Continuous time (`CT`) event

According to [Lee98], "[regarding metric time] at a minimum, $T$ is an Abelian group, in addition to being totally ordered. A consequence is that $t_2-t_1$ is itself a tag $\forall t_1,t_2 \in T$. In a slightly more elaborate model of computation, $T$ has a metric. (...) A continuous-time system is a metric timed system $Q$ where $T$ is a continuum (a closed connected set)."

The continuous time (CT) MoC defines the closest behavior to what we could call "physical time", where signals cover the full span of a simulation as functions of time rather than values. As such, we can state:

The CT MoC: is describes a system where computation is performed continuously over a (possibly infinite) span of time.

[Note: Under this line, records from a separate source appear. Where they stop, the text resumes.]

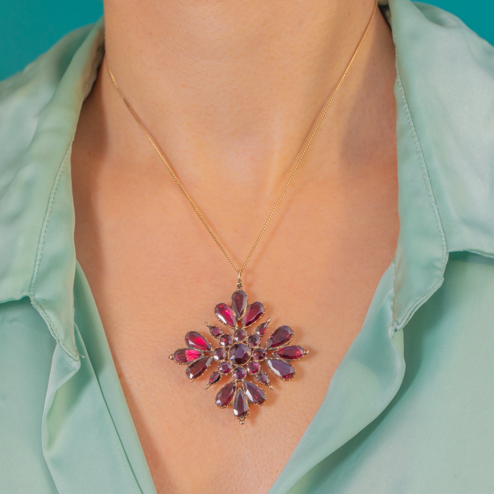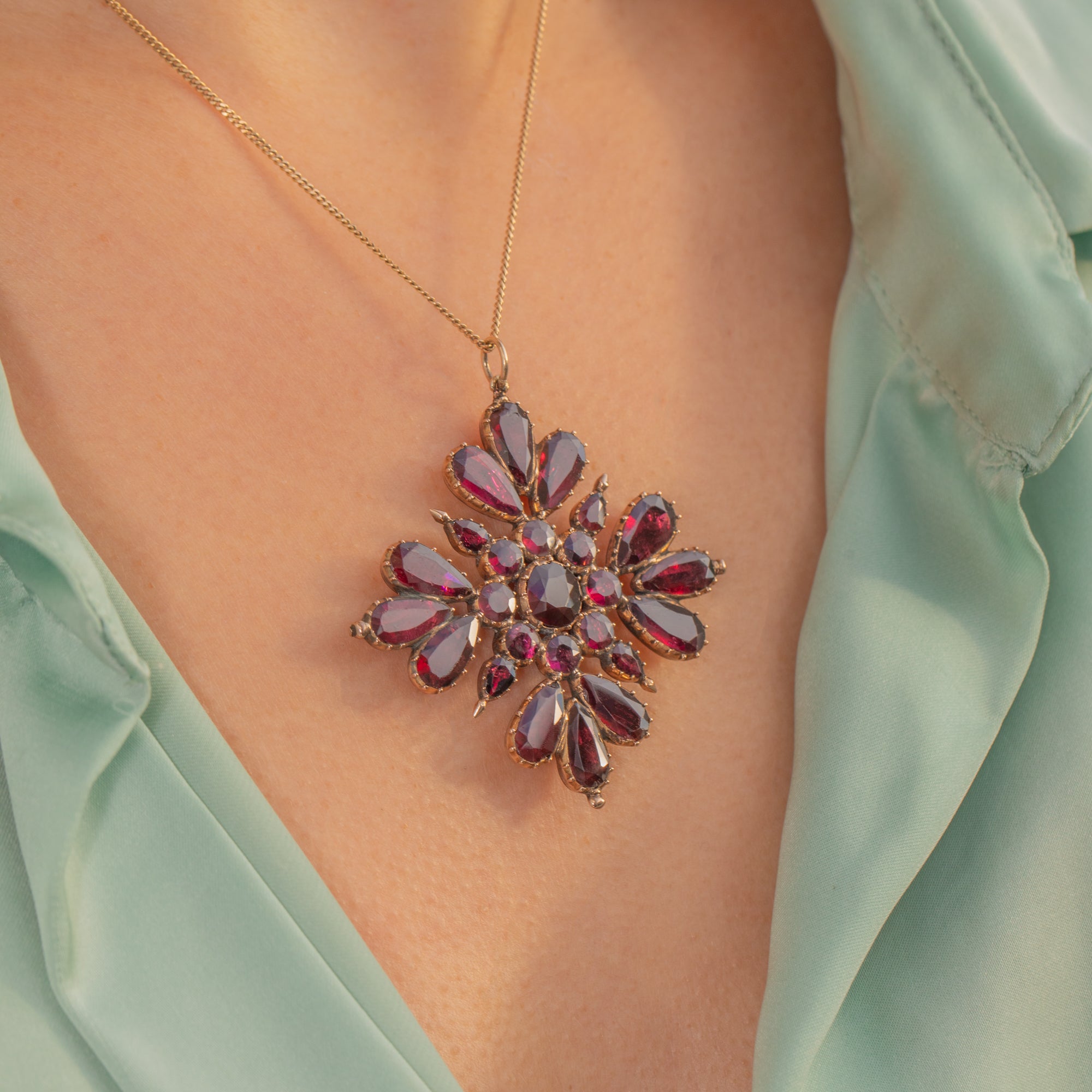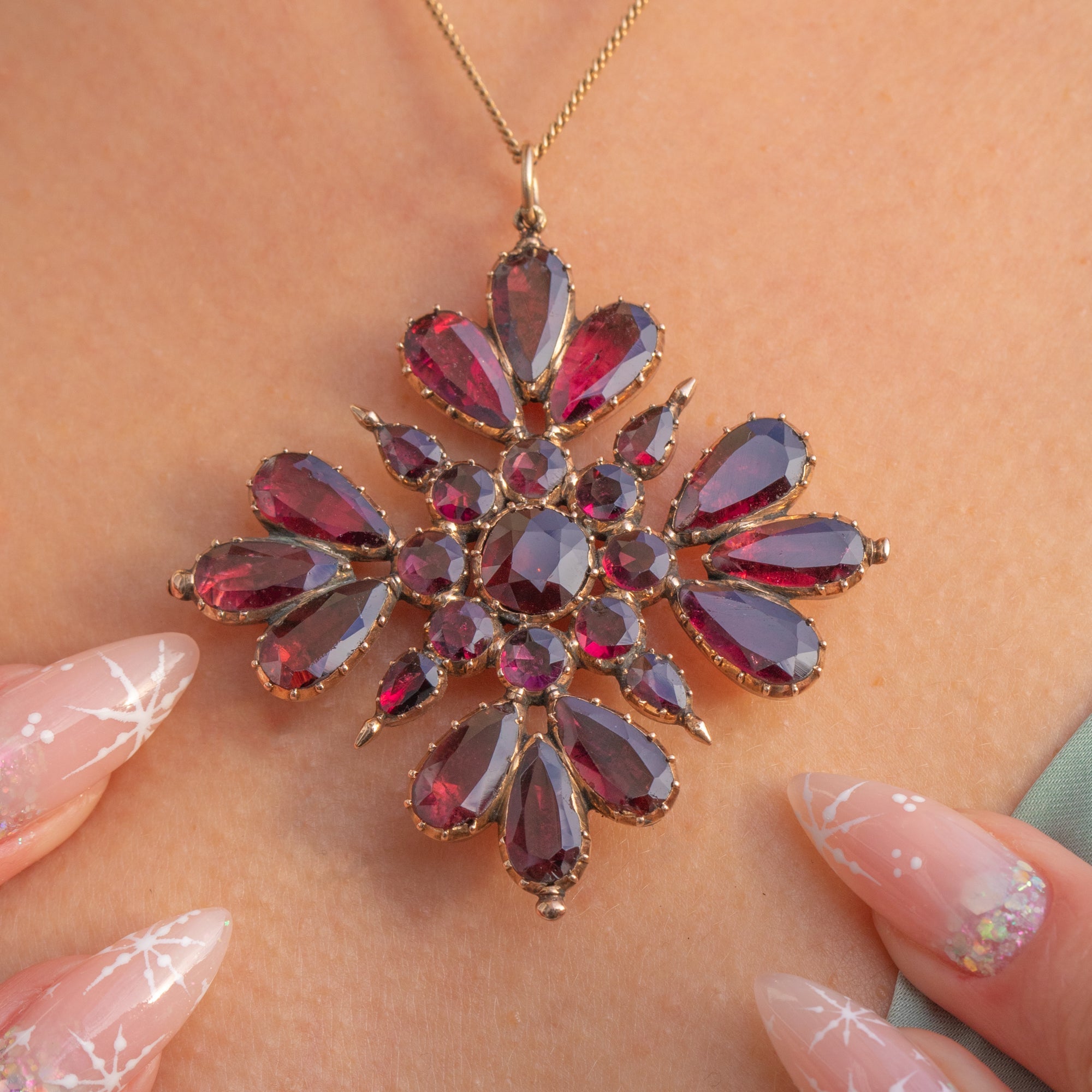 It wears like a jewel with presence. A burst of colour and symmetry, steeped in history, with that glowing wine-red tone that only antique Garnets deliver. A remarkable survivor from the Georgian era.
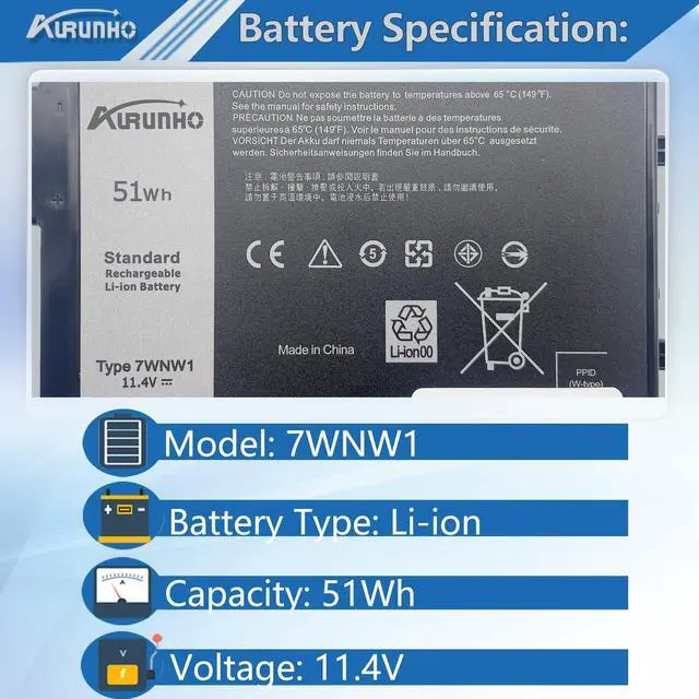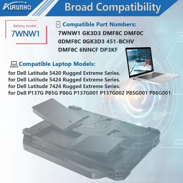 Color: Black. 100% brand New from Manufacturer. ^^ Fits Modelsfor Dell Latitude 7424 5424 5420 Rugged Extreme Series, P137G P85G P86G P137G001 P137G002 P85G001 P86G001. ^^ Compatible P/N 7WNW1 GK3D3 DMF8C DMF0C DMF8C 6NNCF DP3KF 0DMF8C 0GK3D3 451-BCHV. ^^ Security ALL of our battery is CE, FCC, RoHS Certified. And have passed a series tests of short circuit, overheating, and overload protection before shipments for safety. ^^ AURUNHO After-sales We guarantee 30 days money-back and 12-month warranty; 24 x 7 email support. For any battery questions you fell free to contact us via "Your Orders" tab in your account, we will be glad to help you within 24 hours.
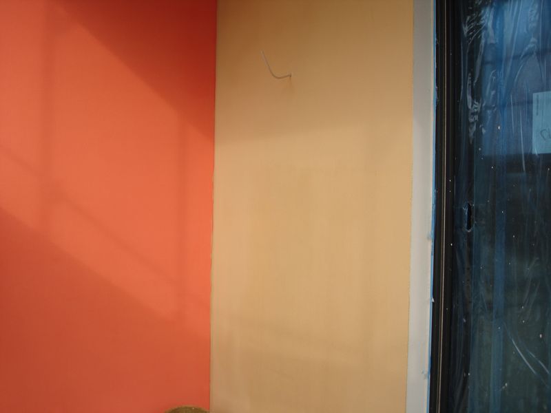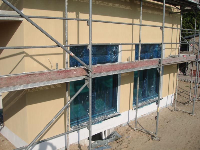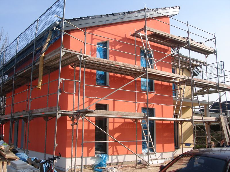 Wir haben ein paar Tage frei und konnten daher heute schon die erste fertig verputzte Außenwand in Augenschein nehmen. Der erste Probeanstrich auf einer Styroporplatte hat uns nicht so überzeugt. Wir wollten exakt die Farben Gelb und Rot des Musterhauses, daher hat der Malerchef die Farbe mit einem Scanner eingescannt und danach bestellt. Das Gelb ist schön, aber die Putzgrundierung für den roten Teil der Fassade, die schon letzte Woche angebracht wurde, sieht deutlich heller als der Wunschfarbton aus. Okay dachten wir, der Putz hat vielleicht die endgültige, gewünschte Farbe. Heute nun die Erkenntnis, dass auch der Rotton des Putzes heller ist als gewünscht. Wir sind extra mit einem Farbklecks heute Nachmittag noch mal zum Musterhaus gefahren, um zu vergleichen.
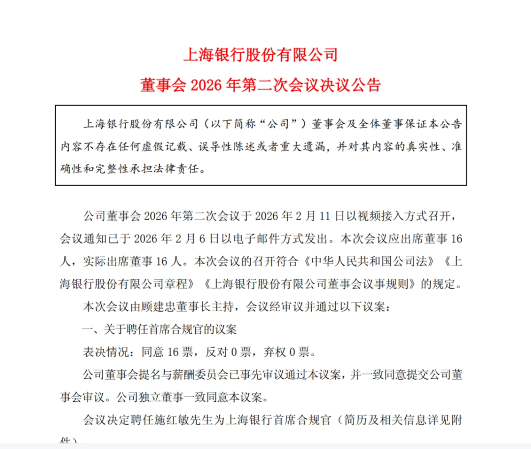 2月11日,上海银行发布董事会2026年第二次会议决议公告,会议决定聘任施红敏为上海银行首席合规官。
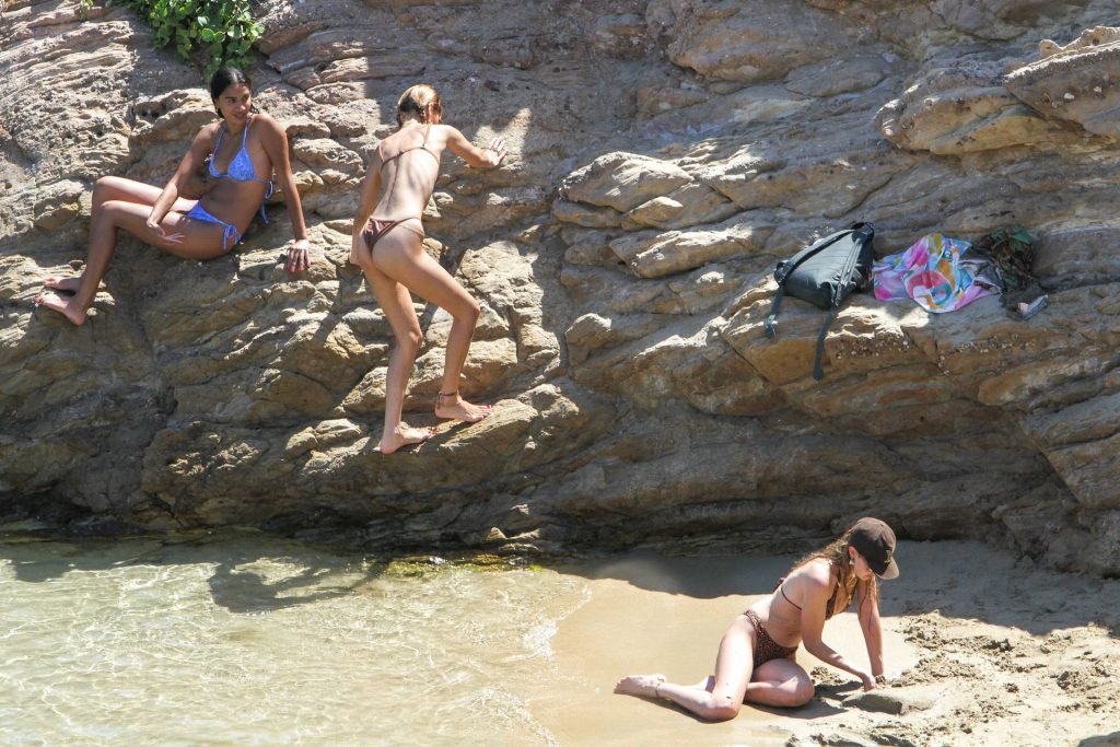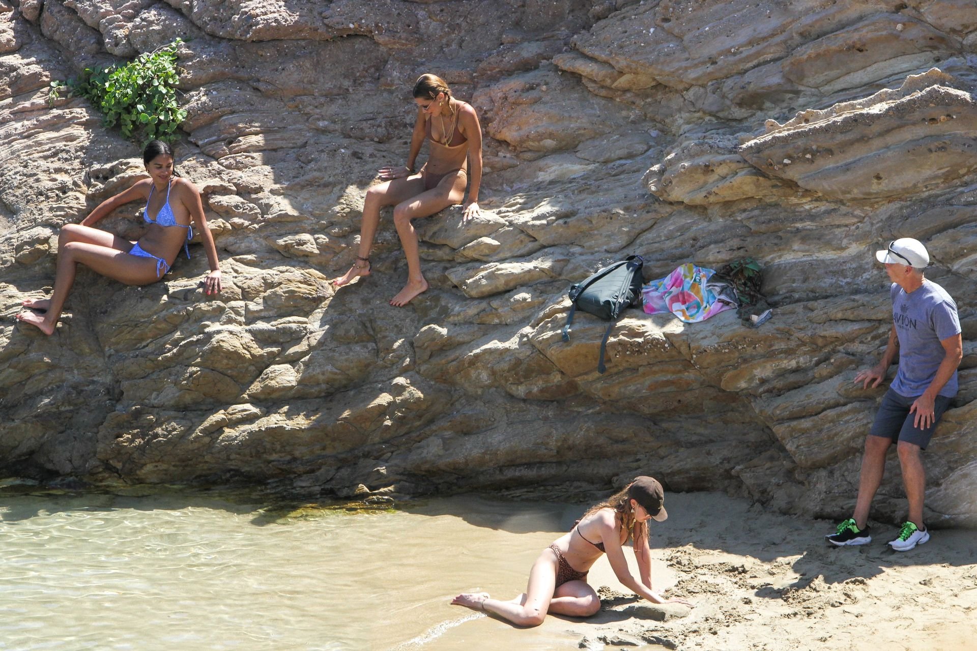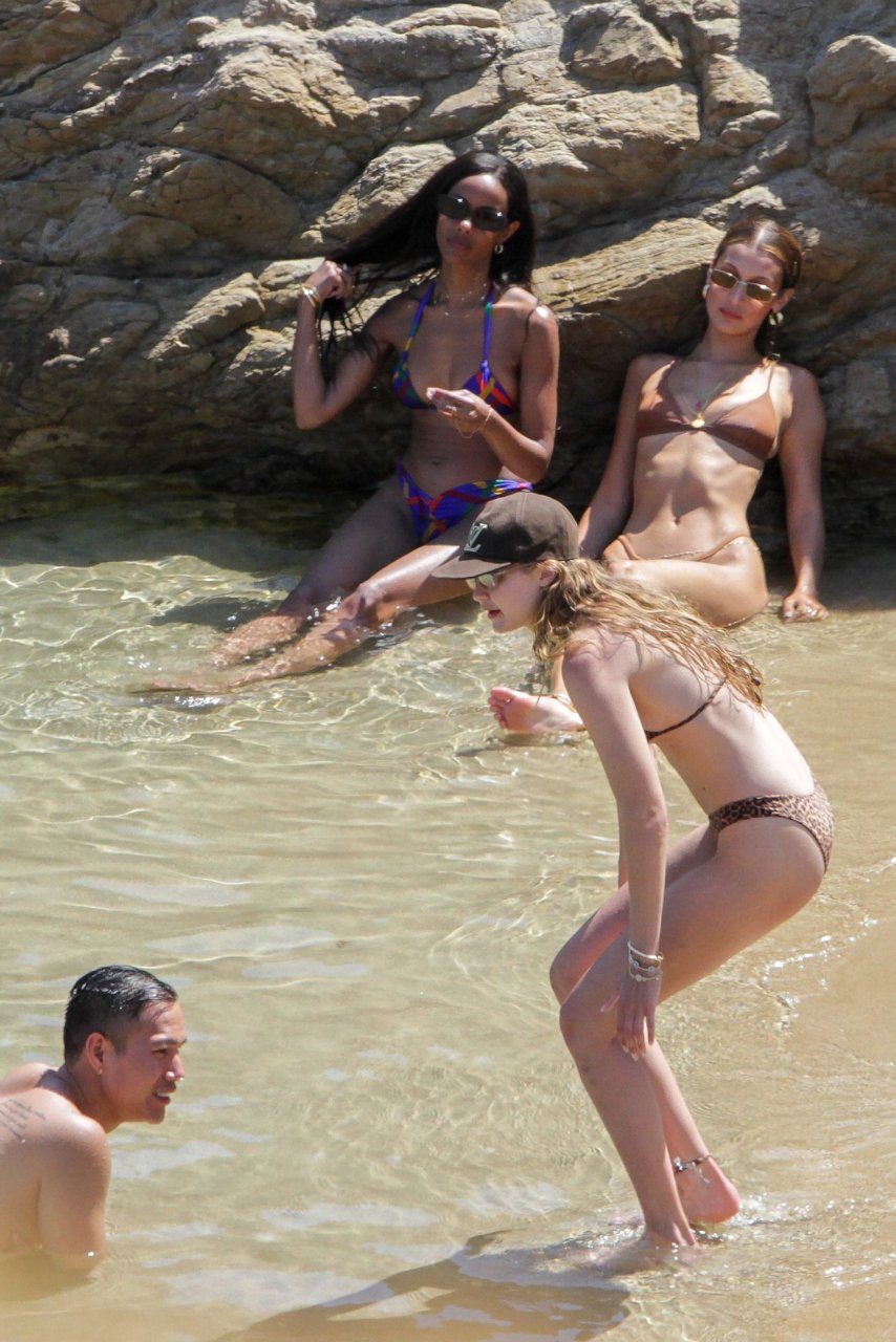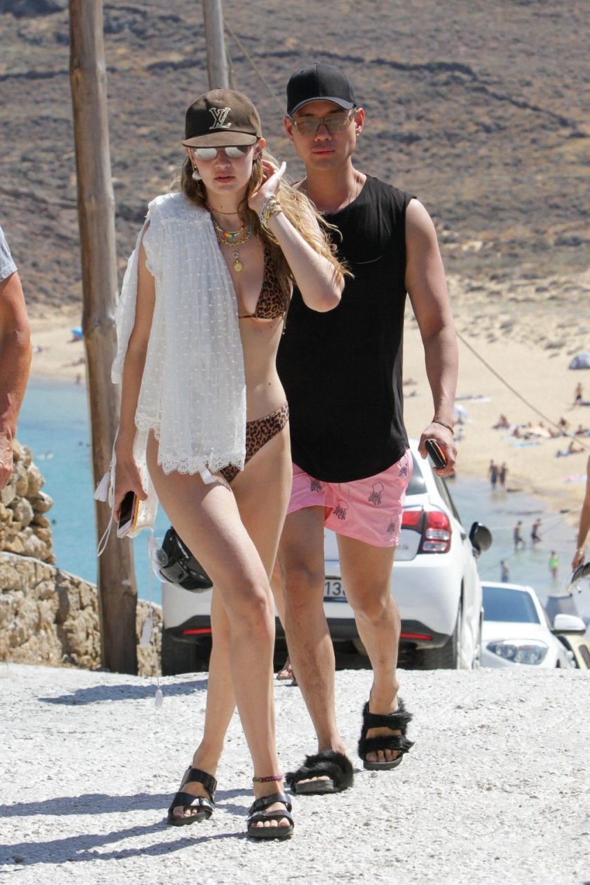 Gigi Hadid foi vista com sua irmã Bella Hadid de biquíni na Ilha de Mykonos, Grécia, 29/07/2019.

For a detailed descrption of the ForSyDe-Atom CT execution model, refer to [Ungureanu18]. Below is an illustration of the behavior in time of the input and the output signals of a CT process:

Our CT MoC is implemented as a generalized version of ForSyDe-Atom's DE, or rather the DE MoC is a special case of CT in the sense that:

tags $t$ represent discrete timestamps when changes in a CT signal happen, or rather are observed (see below).
"events" are represented as functions over a continuous span of time $f(t)$ rather than, like in most simulators based on imperative programs, series of sampled values. The time domain is abstracted away, and may be represented with whatever data type the user deems appropriate or convenient.
for practical reasons, the CT event constructor has also a phase component $\phi$, which is taken into consideration only when evaluating a signal function, i.e. $f(t+\phi)$. This enables the modeling of "phase dispacements" of delay lines without altering the function itself, i.e. without increasing the complexity of the un-evaluated functions (redexes). The phase is reset during event synchronization.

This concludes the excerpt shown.